NIH Scientists Publish New Metric to Measure the Influence of Scientific Research

Currently, measures to describe the scientiific impact of an article, its bibliometrics, are usually based on the journal in which it was published. Individual articles and researcher performance are evaluated based on the assumption that all articles published in high impact journals are uniformly of high impact, and that high impact science is not published in lower impact factor journals. 

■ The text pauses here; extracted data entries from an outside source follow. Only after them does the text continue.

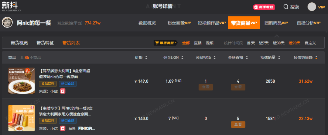 相似的,美食博主“阿nic的每一餐”通過(guò)美食教程視頻積累了超過(guò)774萬(wàn)粉絲,在阿nic的視頻中,西餐的出鏡率極高,披薩、意面和薯?xiàng)l等經(jīng)典菜品的教程廣受歡迎,因此他以意面為切入口,創(chuàng)立了自己的西餐品牌。新抖數(shù)據(jù)顯示,該賬號(hào)帶貨的兩款個(gè)人品牌意面近三個(gè)月銷售額超50萬(wàn)元。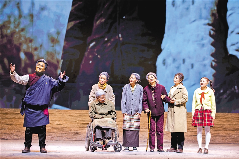 今年3月底,由西藏自治區(qū)文旅廳主辦的2024年格?;ㄑ莩黾镜谝患疚乃嚮顒印o(jì)念西藏百萬農(nóng)奴解放65周年文藝演出啟動,話劇《老西藏》作為開場劇在西藏大劇院連續(xù)演出3天。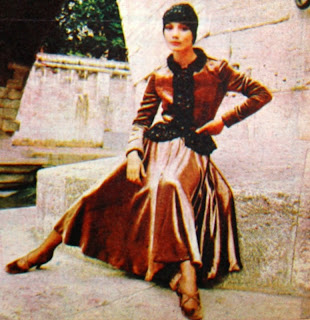 Vücudu saran kısa ceketi, siyah renkli fantezi harç ve boncukla işlenen tuvaletin uzun eteği kloş biçilmiştir. Model

Scientists with the Office of Portfolio Analysis (OPA), Division of Program Coordination, Planning and Strategic Initiatives (DPCPSI), part of the National Institutes of Health have proposed a new metric, known as the Relative Citation Ratio (RCR). This metric should allow researchers to measure the influence of a scientific article. It doesn't  replace expert review but it overcomes many of the issues faced by previous metrics. The rational behind the new metric is published in PLOS Biology on Sept. 6, 2016.

To address some issues with the current system RCR uses a co-citation network that is formed from the reference lists of papers that cite the article in question, defining a unique field for each article. In addition, RCR is benchmarked to a peer comparison group to determine the relative influence of an article, assuming citations are a measure of influence, and to allow comparisons between similar types of articles, or output from similar institutions.

iCite, a free, easy to use web tool, has offered to calculate RCR values for user-selected articles listed in PubMed.